- _BRIEF_
Please set down the data word for word; images do not go in the copy.

- _DATASET ENTRIES_

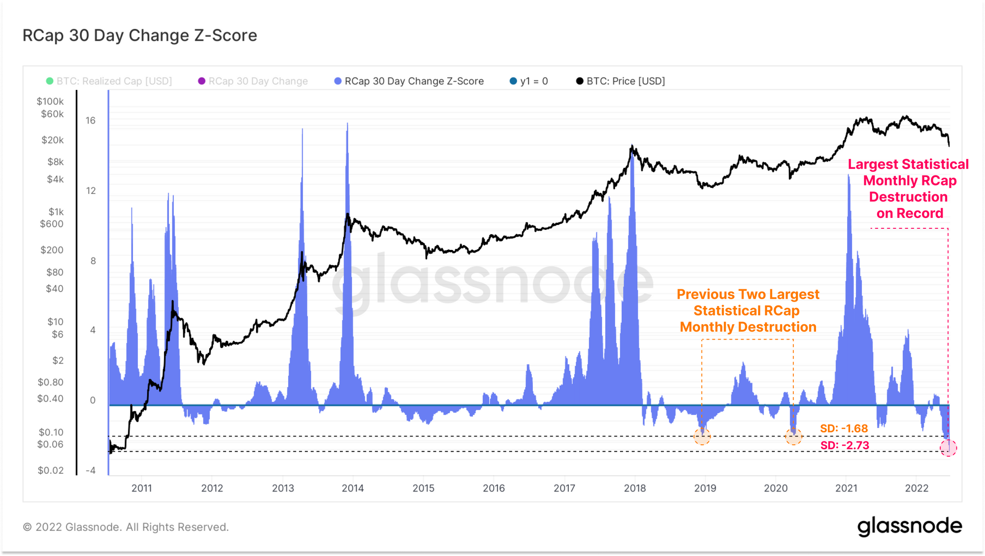 - The market has seen the largest monthly decline of the Realized Cap in history on a statistical basis.
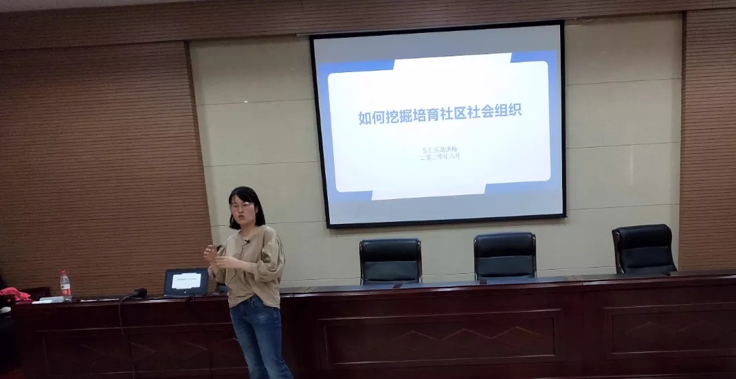 上午的主题培训中,洪梅老师从相关概念、挖掘培育方法技巧、社工角色与操作和案例分析等四个板块为大家详解了“如何挖掘培育社区社会组织”。
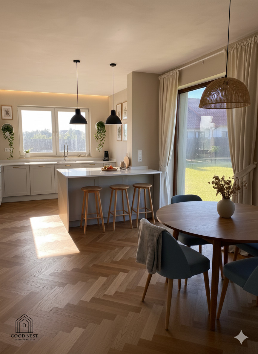 położonego w cichej i spokojnej okolicy, zaledwie 2 km od Mińska Mazowieckiego. Dom został zaprojektowany z myślą o wygodzie i funkcjonalności, a jego zaawansowany stan deweloperski pozwala na szybkie i komfortowe wykończenie wnętrz według własnego gustu.
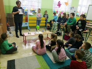 Takie było zadanie błyskawicznego konkursu zorganizowanego przed wiosenną przerwą świąteczną. Nagrodzeni - Nikola (kl. V), Zuzia (kl. V) Iwo (kl. III) oraz Kaja, Oliwia, Hania i Matylda (kl. "0") - otrzymali m.in. kawałek przyrody.
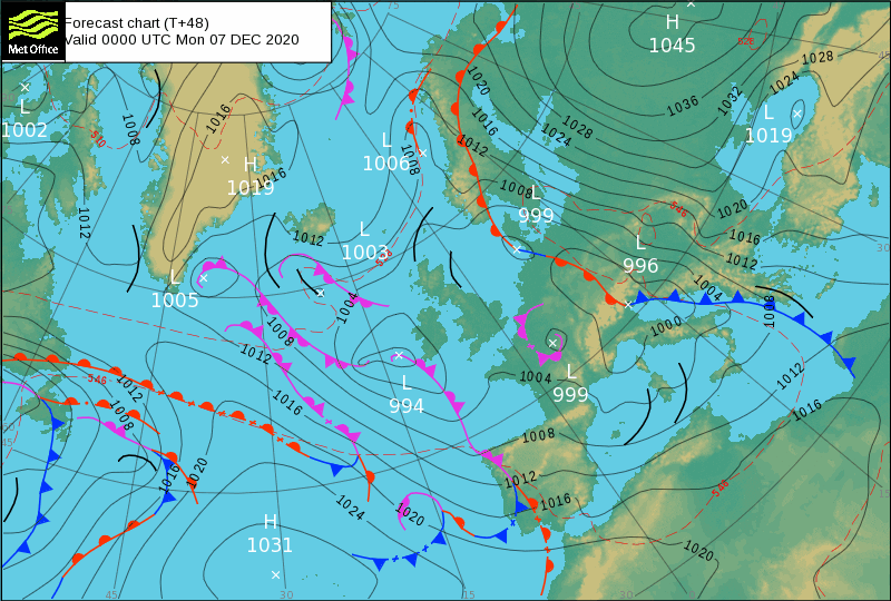 Trenutno se cijela zapadna Europa nalazi u polju niskog tlaka zraka, a nad sjevernom Italijom se formira sekundarni ciklonalni centar. Taj će se centar u nadolazećoj noći i tijekom nedjelje naći nad sjevernim Jadranom što će uvjetovati opasne vremenske prilike na velikom dijelu Jadrana. Na to upozorava DHMZ kroz sustav MeteoAlarm koji je za područje cijelog Jadrana izdao crveni, najviši stupanj upozorenja i to zbog juga. DHMZ predviđa udare juga do orkanskih 130 km/h na cijelom Jadranu, a uz obalu do 90 km/h. Osim na vjetar, DHMZ upozorava na obilne oborine, tijekom nedjelje može pasti do 90 litara kiše po kvadratnom metru.
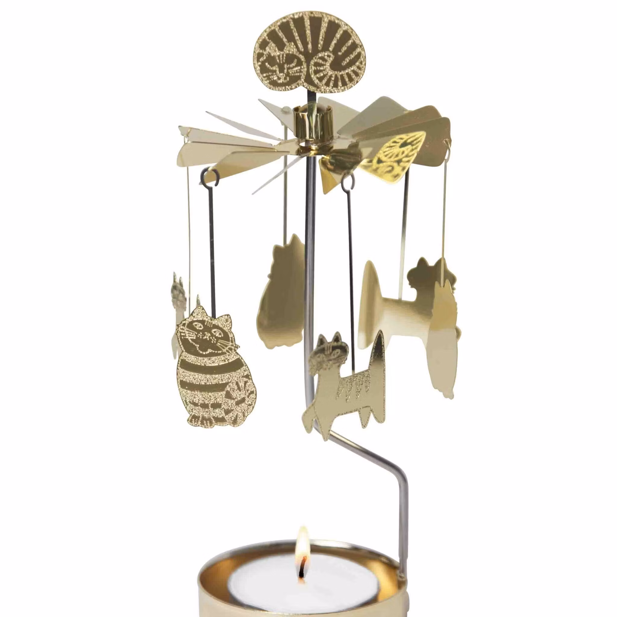 Dessa små guldklimpar är den perfekta presenten både till dig, familjen och dina vänner. Ett änglaspel som drivs av värmen från det lilla värmeljuset och gör att de söta figurerna snurrar. Just nu finns det möjlighet att välja en med Lisa Larsons katter och två olika från Stig Lindbergs mönster som ett exklusivt samarbete. Dessutom kan du välja en med söta hundar och en med stilrena solfjädrar. Alla kommer i guldfärgad metall. För att göra det ännu roligare får du dem paketerade i vackra presentförpackningar. Placera en på fönsterbrädan, en på bordet eller i badrummet. En stilig och mysig dekorativ ljusstake som passar att tända alla årets mysstunder.
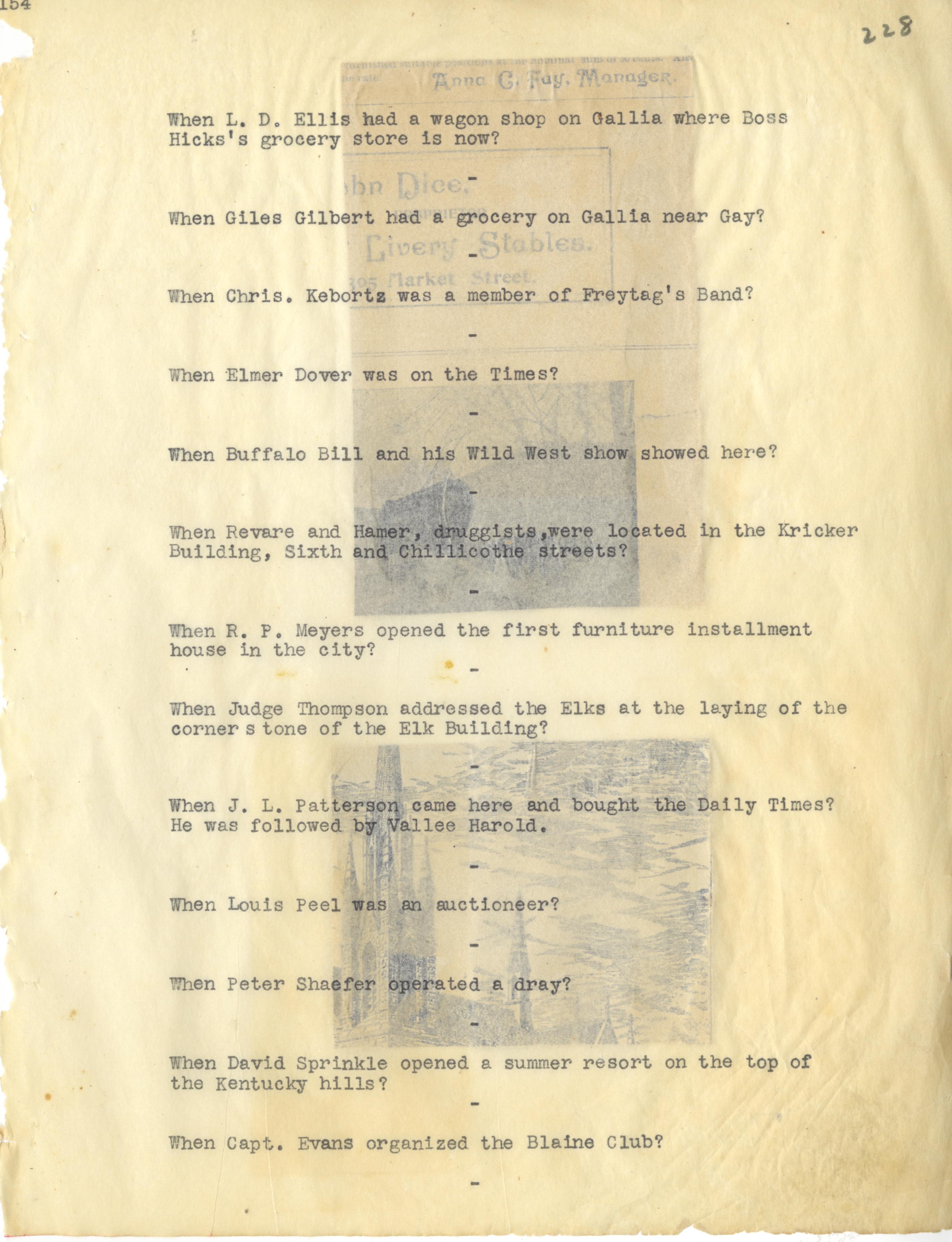 - Photo image of scanned scrapbook page. Pictured: typed page from Do You Remember Continued. L. D. Ellis; Boss Hick's Grocery Store; Giles Gilbert; Chris Kebortz; Freytag's Band; Elmer Dover; Buffalo Bill's Wild West Show; Revare and Hamer; Kricker Building; R. P. Meyers; Elks Building; J. L. Patterson; Daily Times; Vallee Harold; Louis Peel; Peter Shaefer; David Sprinkle; Capt. Evans; Blaine Club

- _OUTPUT FOR THIS EXERCISE_
 - The market has seen the largest monthly decline of the Realized Cap in history on a statistical basis.
 上午的主题培训中,洪梅老师从相关概念、挖掘培育方法技巧、社工角色与操作和案例分析等四个板块为大家详解了“如何挖掘培育社区社会组织”。
 położonego w cichej i spokojnej okolicy, zaledwie 2 km od Mińska Mazowieckiego. Dom został zaprojektowany z myślą o wygodzie i funkcjonalności, a jego zaawansowany stan deweloperski pozwala na szybkie i komfortowe wykończenie wnętrz według własnego gustu.
 Takie było zadanie błyskawicznego konkursu zorganizowanego przed wiosenną przerwą świąteczną. Nagrodzeni - Nikola (kl. V), Zuzia (kl. V) Iwo (kl. III) oraz Kaja, Oliwia, Hania i Matylda (kl. "0") - otrzymali m.in. kawałek przyrody.
 Trenutno se cijela zapadna Europa nalazi u polju niskog tlaka zraka, a nad sjevernom Italijom se formira sekundarni ciklonalni centar. Taj će se centar u nadolazećoj noći i tijekom nedjelje naći nad sjevernim Jadranom što će uvjetovati opasne vremenske prilike na velikom dijelu Jadrana. Na to upozorava DHMZ kroz sustav MeteoAlarm koji je za područje cijelog Jadrana izdao crveni, najviši stupanj upozorenja i to zbog juga. DHMZ predviđa udare juga do orkanskih 130 km/h na cijelom Jadranu, a uz obalu do 90 km/h. Osim na vjetar, DHMZ upozorava na obilne oborine, tijekom nedjelje može pasti do 90 litara kiše po kvadratnom metru.
 Dessa små guldklimpar är den perfekta presenten både till dig, familjen och dina vänner. Ett änglaspel som drivs av värmen från det lilla värmeljuset och gör att de söta figurerna snurrar. Just nu finns det möjlighet att välja en med Lisa Larsons katter och två olika från Stig Lindbergs mönster som ett exklusivt samarbete. Dessutom kan du välja en med söta hundar och en med stilrena solfjädrar. Alla kommer i guldfärgad metall. För att göra det ännu roligare får du dem paketerade i vackra presentförpackningar. Placera en på fönsterbrädan, en på bordet eller i badrummet. En stilig och mysig dekorativ ljusstake som passar att tända alla årets mysstunder.
 - Photo image of scanned scrapbook page. Pictured: typed page from Do You Remember Continued. L. D. Ellis; Boss Hick's Grocery Store; Giles Gilbert; Chris Kebortz; Freytag's Band; Elmer Dover; Buffalo Bill's Wild West Show; Revare and Hamer; Kricker Building; R. P. Meyers; Elks Building; J. L. Patterson; Daily Times; Vallee Harold; Louis Peel; Peter Shaefer; David Sprinkle; Capt. Evans; Blaine Club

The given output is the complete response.